CVE-2026-47835
HighCVSS 8.6Exploitation Probability (EPSS)
Low risk37th percentile — higher than 37% of all known CVEs
Summary
In Spring AI Vector Stores, a vulnerability allows the use of special characters to force the execution of arbitrary queries in Elasticsearch, OpenSearch, and GemFire VectorDB. Affected components include: spring-ai-elasticsearch-store, spring-ai-opensearch-store, spring-ai-gemfire-store.
Risk Assessment
Exploitation of this vulnerability could lead to unauthorized access to data and execution of dangerous queries, posing a serious threat to the security of the application and the organization's data.
Recommendation
It is recommended to upgrade to version 1.0.9 or 1.1.8 to mitigate this vulnerability and secure the system against potential attacks.

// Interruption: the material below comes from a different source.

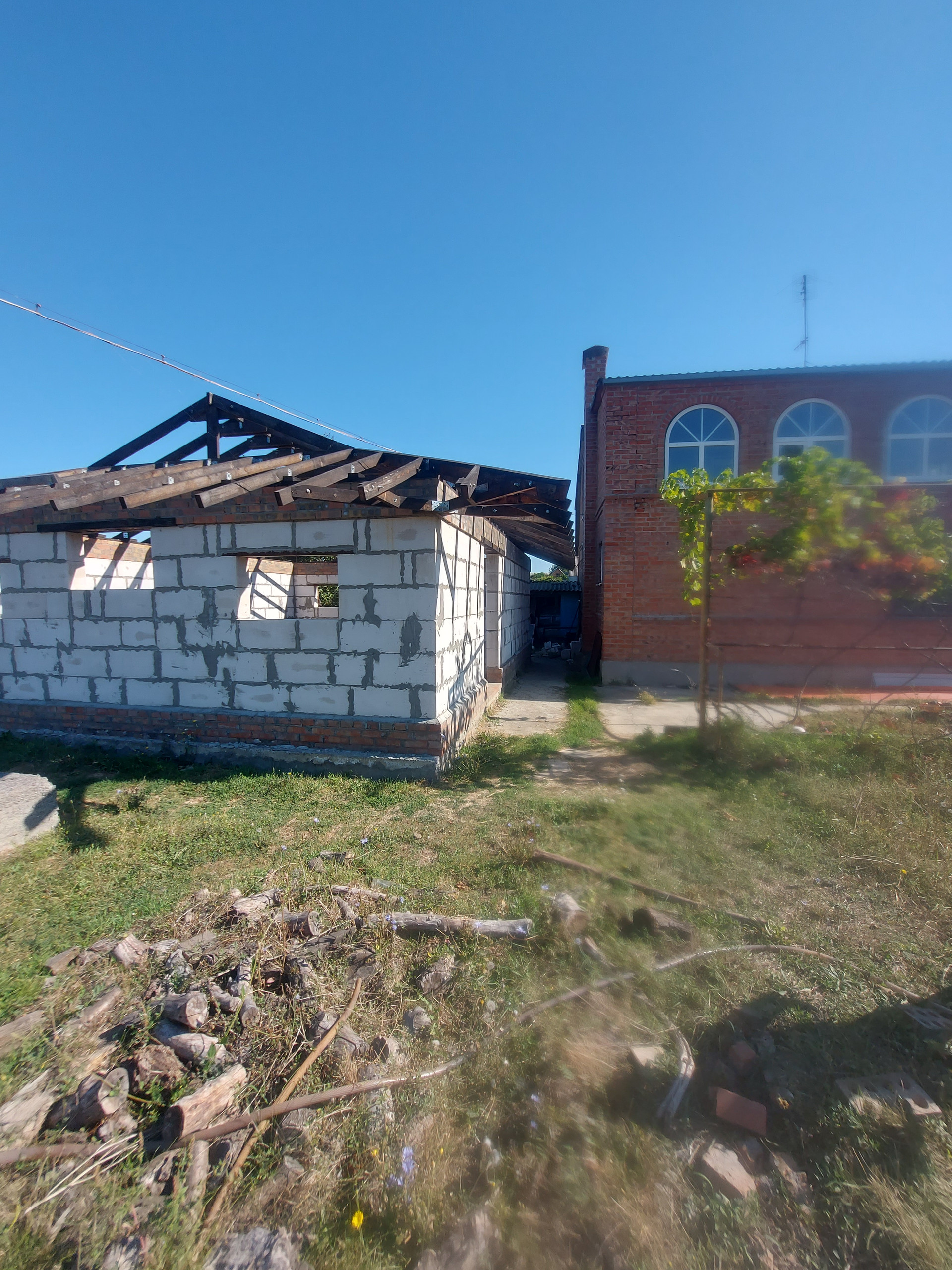 Во дворе имеется недостроенное помещение - 60 кв. м.,  сарай - 19 кв. м, навес.

Original NVD description (English source)
In Spring AI Vector Stores, special characters could be used to force the execution of arbitrary queries in Elasticsearch, OpenSearch, and GemFire VectorDB. Affected components: spring-ai-elasticsearch-store, spring-ai-opensearch-store, spring-ai-gemfire-store. Affected versions: Spring AI 1.0.0 through 1.0.x (fix 1.0.9). Spring AI 1.1.0 through 1.1.x (fix 1.1.8).